Mal sabia o torcedor do Decacampeão que a estrela de um jogador que deixaria o banco de reservas brilharia tanto que ofuscaria a das outras que adornavam o campo; por obra dos pés do iluminado Danilo Barcelos se desenhou o fim de uma incômoda espera.

O 2×1 no placar, com dois tentos de Danilo (Lucas Pratto diminuiu para o Galo no apagar das luzes), deixou a situação à feição para que, na semana seguinte, tendo o Mineirão como palco, o América conquistasse o título mineiro.

Foto: Divulgação/ América Mineiro

O que muitos possivelmente não imaginariam é que novamente o mais intenso brilho visto no Gigante da Pampulha sairia do corpo do camisa 14 americano, que marcou o tento do título de seu clube, aos 38 minutos do segundo tempo. Em duas oportunidades, em que estiveram presentes jogadores da estirpe de Victor, Robinho ou Lucas Pratto, foi o polivalente Danilo quem determinou o andamento dos trabalhos.

Início no América

Para muitos, esse foi o marco que permitiu conhecer o futebol desse mineirinho, de Coronel Fabriciano. No entanto, desde 2011, ano em que se profissionalizou, o atleta tem tentado deixar sua marca dentro das quatro linhas. Formado no Coelho – e com passagens pelas categorias de base de Bahia e Cruzeiro –, rodou por Francana, Poços de Caldas e Anápolis, até finalmente ganhar oportunidades no América; 2013 foi o ano que o projetou.

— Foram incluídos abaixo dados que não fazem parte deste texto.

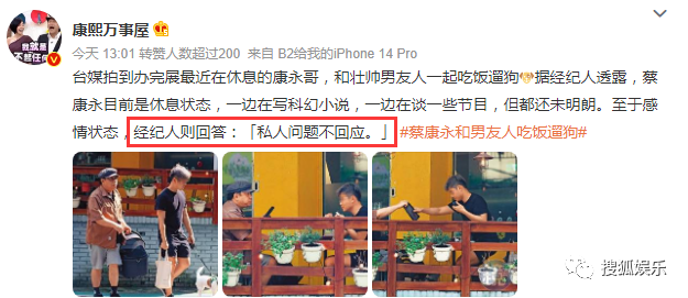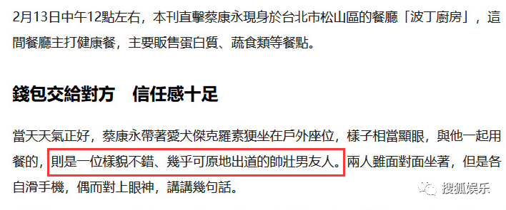 3、臺媒曝蔡康永有新歡?與男友人共進午餐遛狗回家
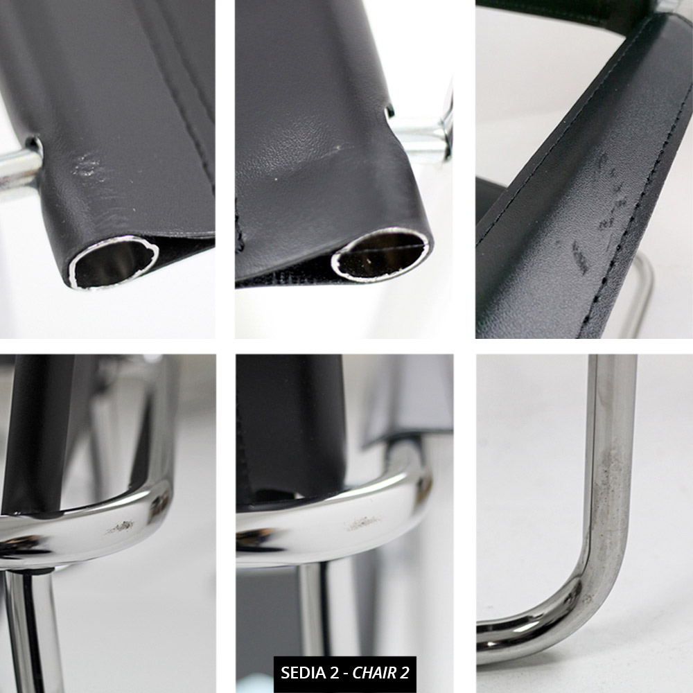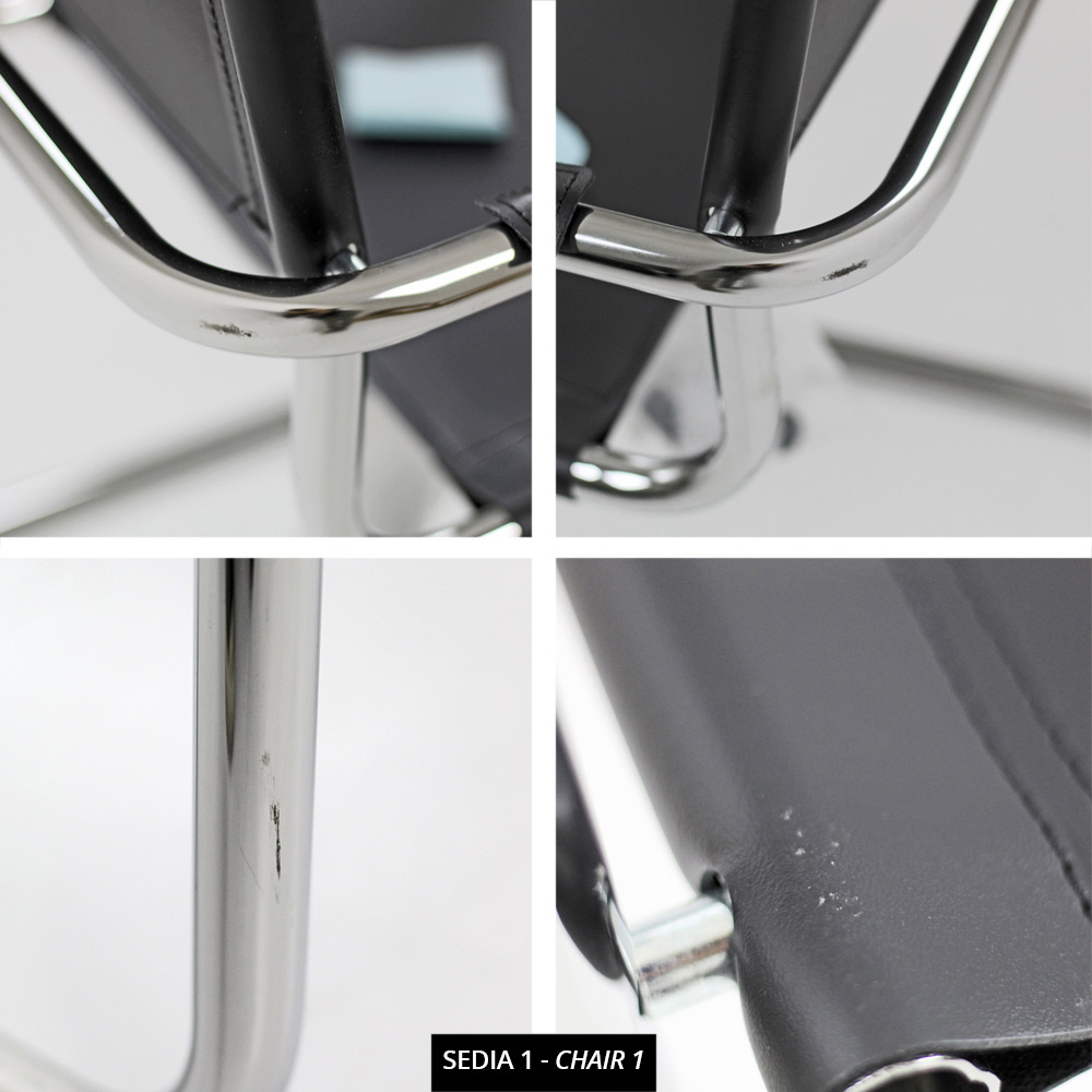 Modern stol för mötesrum eller konferensrum i förkromad metall och svart läder.

Bryan, lateral-esquerdo que despontou com grande destaque no clube mineiro, havia se transferido para o Benfica e sua posição ficou vaga. Situação que não durou muito. Rapidamente, Danilo ocupou o posto e começou a se destacar. Em 39 partidas, marcou dois gols (contra Bragantino e ASA) e ajudou o América a sonhar com o acesso à Série A do Campeonato Brasileiro (faltaram três pontos).

Foto: Divulgação/ América Mineiro

Seu futebol não passou despercebido em 2013, mas, mesmo assim, o América optou pelo retorno de Gilson, lateral que havia tido bom desempenho com a camisa do clube em 2011. Assim, para que pudesse dar continuidade à sua evolução, Danilo partiu para o Sport, clube que seria sua casa até 2015.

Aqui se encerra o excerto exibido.